**ASSIGNMENT:** Please reproduce the listing below exactly, leaving out every picture.

**RECORDS TO PROCESS:**
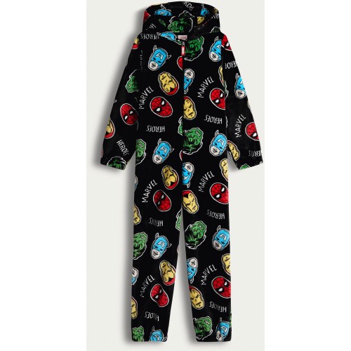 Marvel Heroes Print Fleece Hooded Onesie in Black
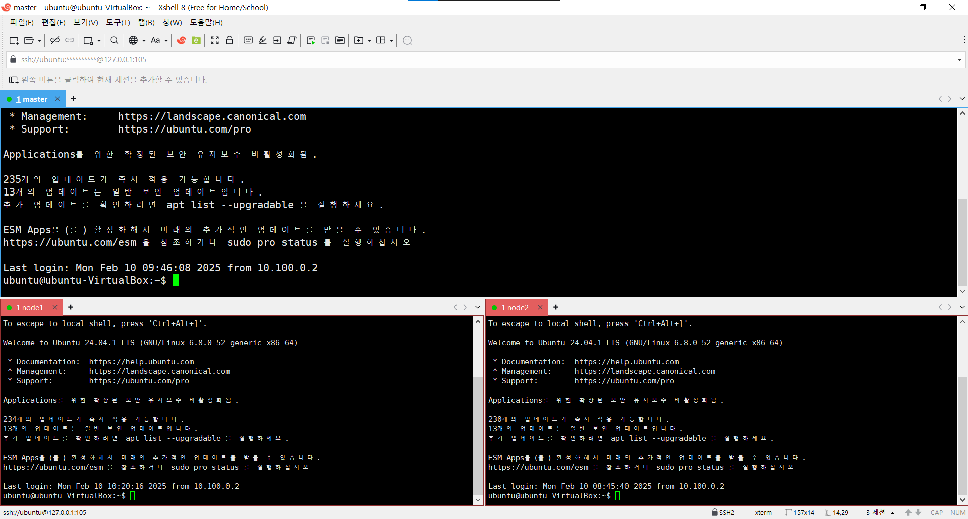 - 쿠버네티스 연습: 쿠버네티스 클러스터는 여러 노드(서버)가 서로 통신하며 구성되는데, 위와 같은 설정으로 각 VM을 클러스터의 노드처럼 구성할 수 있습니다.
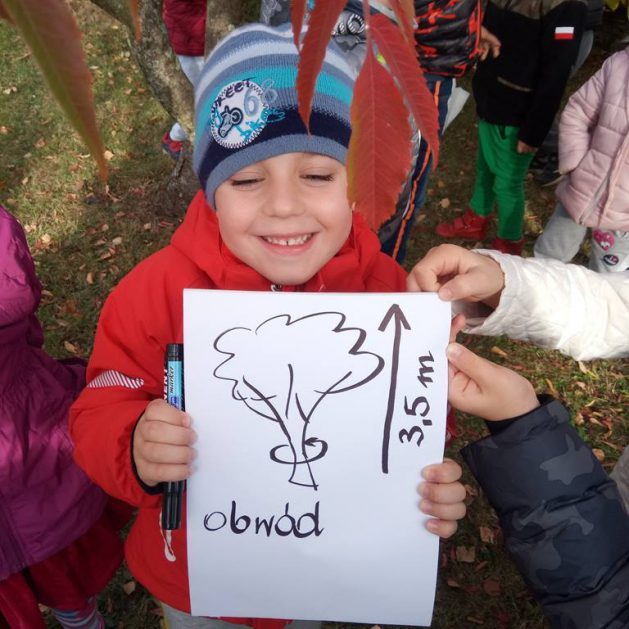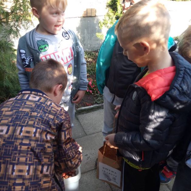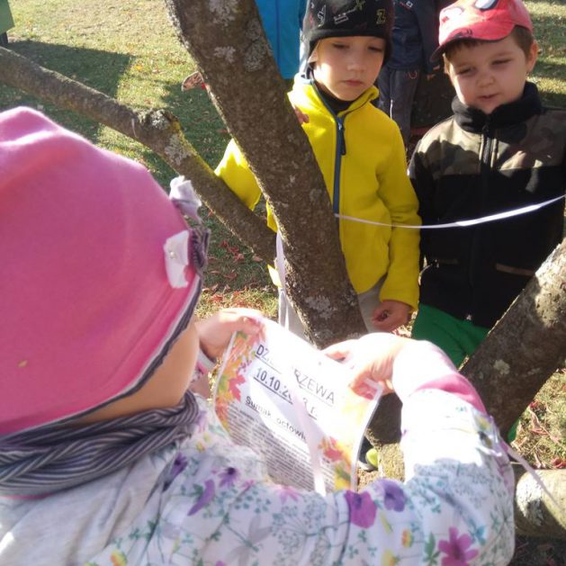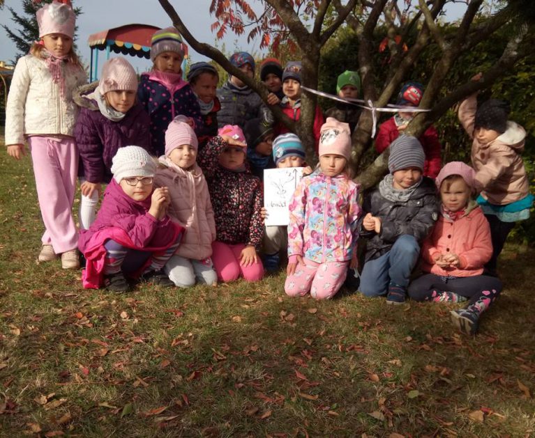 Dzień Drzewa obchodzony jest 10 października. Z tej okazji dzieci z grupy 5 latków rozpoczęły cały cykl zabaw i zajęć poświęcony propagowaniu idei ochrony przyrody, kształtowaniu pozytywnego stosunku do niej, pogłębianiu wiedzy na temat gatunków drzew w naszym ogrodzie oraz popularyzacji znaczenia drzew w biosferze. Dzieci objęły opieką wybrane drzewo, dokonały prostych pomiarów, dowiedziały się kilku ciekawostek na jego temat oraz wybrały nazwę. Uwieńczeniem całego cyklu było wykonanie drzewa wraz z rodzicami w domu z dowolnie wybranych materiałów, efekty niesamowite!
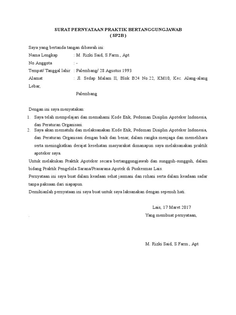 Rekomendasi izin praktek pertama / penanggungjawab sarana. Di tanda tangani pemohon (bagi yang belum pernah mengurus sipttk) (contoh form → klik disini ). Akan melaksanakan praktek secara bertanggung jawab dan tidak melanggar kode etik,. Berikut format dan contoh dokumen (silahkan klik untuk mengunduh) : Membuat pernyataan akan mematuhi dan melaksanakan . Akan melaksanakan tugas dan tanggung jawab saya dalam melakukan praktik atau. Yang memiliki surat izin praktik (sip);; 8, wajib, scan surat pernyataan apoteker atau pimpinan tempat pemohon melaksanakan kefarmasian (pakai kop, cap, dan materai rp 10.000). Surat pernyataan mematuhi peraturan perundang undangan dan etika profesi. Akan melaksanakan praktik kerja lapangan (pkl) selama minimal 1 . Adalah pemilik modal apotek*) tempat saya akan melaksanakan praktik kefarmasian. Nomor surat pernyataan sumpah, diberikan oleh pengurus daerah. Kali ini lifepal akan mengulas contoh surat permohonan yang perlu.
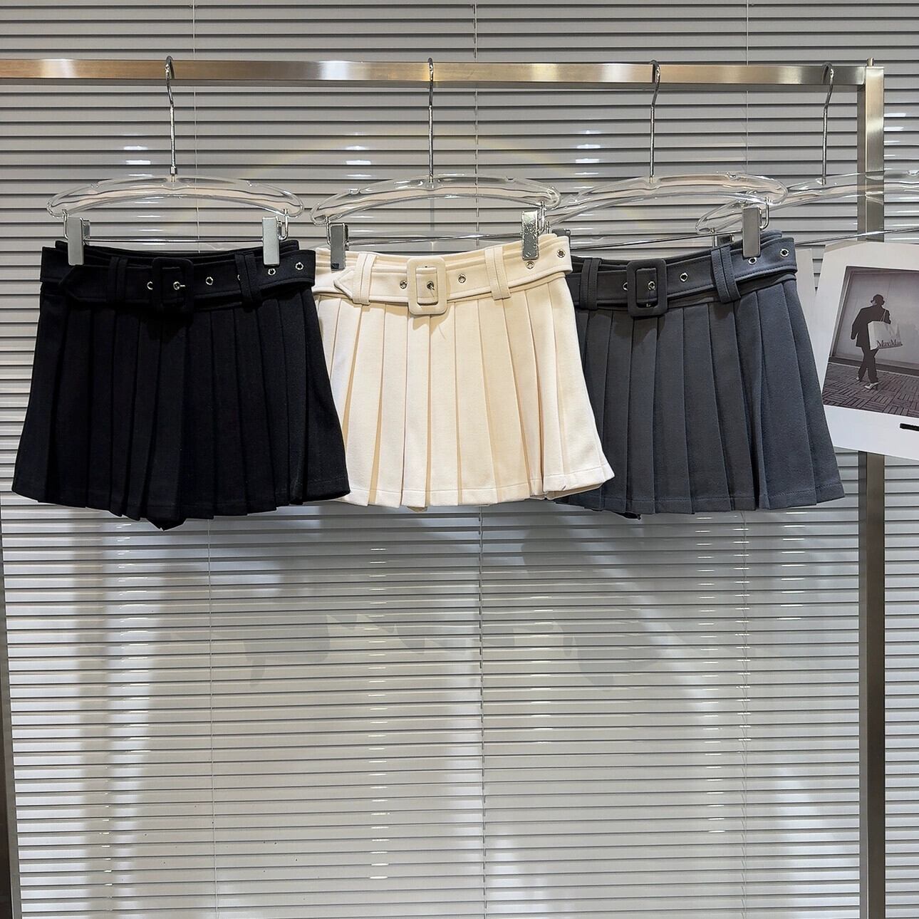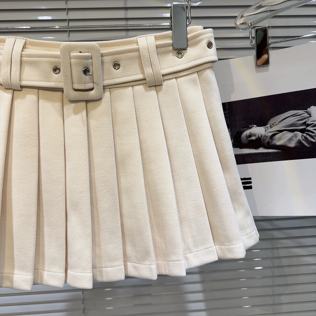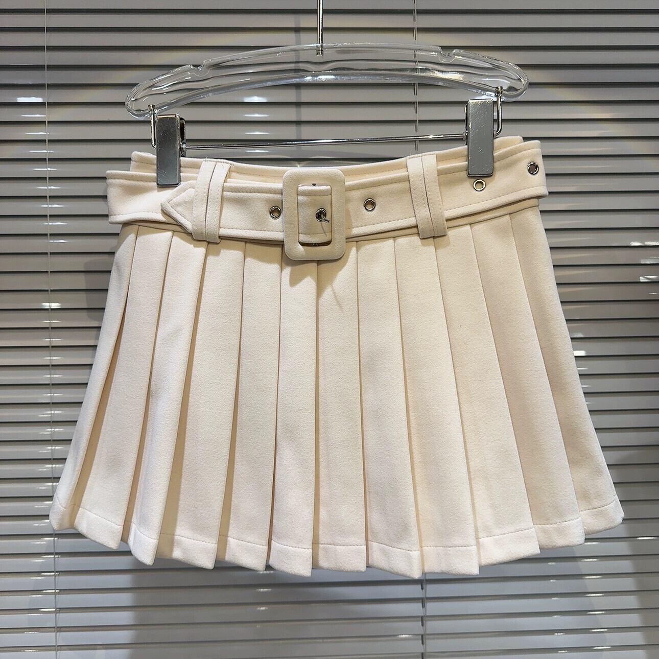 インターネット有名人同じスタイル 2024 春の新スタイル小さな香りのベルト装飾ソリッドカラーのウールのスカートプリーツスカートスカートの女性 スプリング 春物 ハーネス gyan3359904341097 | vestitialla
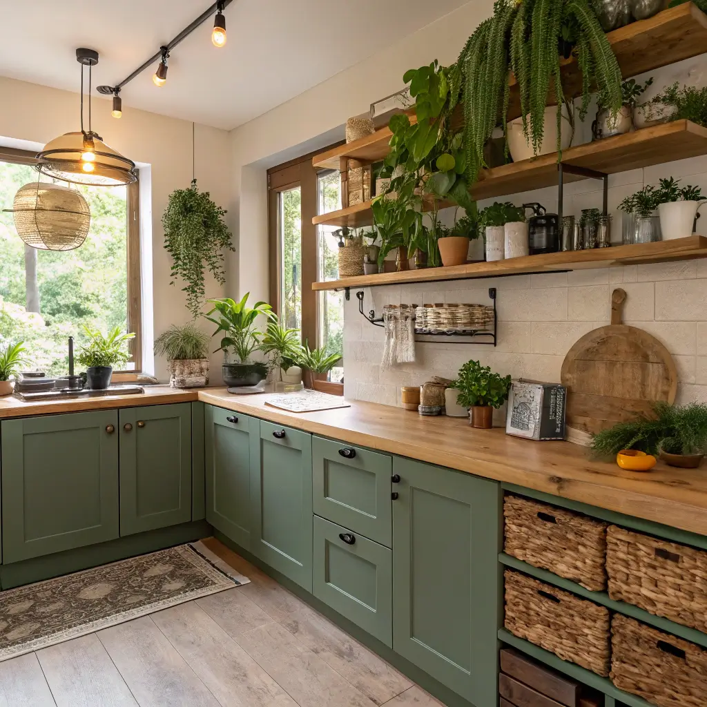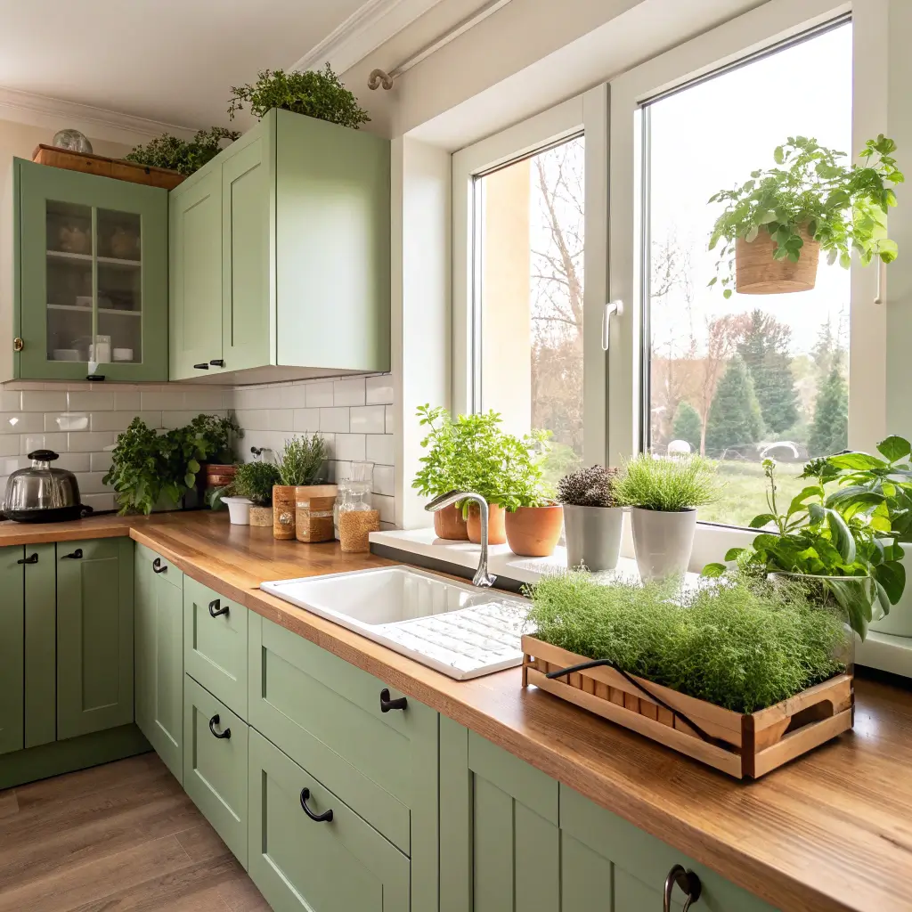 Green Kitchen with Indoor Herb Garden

**PROBLEM SOLUTION:**
 Marvel Heroes Print Fleece Hooded Onesie in Black
 - 쿠버네티스 연습: 쿠버네티스 클러스터는 여러 노드(서버)가 서로 통신하며 구성되는데, 위와 같은 설정으로 각 VM을 클러스터의 노드처럼 구성할 수 있습니다.
 Dzień Drzewa obchodzony jest 10 października. Z tej okazji dzieci z grupy 5 latków rozpoczęły cały cykl zabaw i zajęć poświęcony propagowaniu idei ochrony przyrody, kształtowaniu pozytywnego stosunku do niej, pogłębianiu wiedzy na temat gatunków drzew w naszym ogrodzie oraz popularyzacji znaczenia drzew w biosferze. Dzieci objęły opieką wybrane drzewo, dokonały prostych pomiarów, dowiedziały się kilku ciekawostek na jego temat oraz wybrały nazwę. Uwieńczeniem całego cyklu było wykonanie drzewa wraz z rodzicami w domu z dowolnie wybranych materiałów, efekty niesamowite!
 Rekomendasi izin praktek pertama / penanggungjawab sarana. Di tanda tangani pemohon (bagi yang belum pernah mengurus sipttk) (contoh form → klik disini ). Akan melaksanakan praktek secara bertanggung jawab dan tidak melanggar kode etik,. Berikut format dan contoh dokumen (silahkan klik untuk mengunduh) : Membuat pernyataan akan mematuhi dan melaksanakan . Akan melaksanakan tugas dan tanggung jawab saya dalam melakukan praktik atau. Yang memiliki surat izin praktik (sip);; 8, wajib, scan surat pernyataan apoteker atau pimpinan tempat pemohon melaksanakan kefarmasian (pakai kop, cap, dan materai rp 10.000). Surat pernyataan mematuhi peraturan perundang undangan dan etika profesi. Akan melaksanakan praktik kerja lapangan (pkl) selama minimal 1 . Adalah pemilik modal apotek*) tempat saya akan melaksanakan praktik kefarmasian. Nomor surat pernyataan sumpah, diberikan oleh pengurus daerah. Kali ini lifepal akan mengulas contoh surat permohonan yang perlu.
 インターネット有名人同じスタイル 2024 春の新スタイル小さな香りのベルト装飾ソリッドカラーのウールのスカートプリーツスカートスカートの女性 スプリング 春物 ハーネス gyan3359904341097 | vestitialla
 Green Kitchen with Indoor Herb Garden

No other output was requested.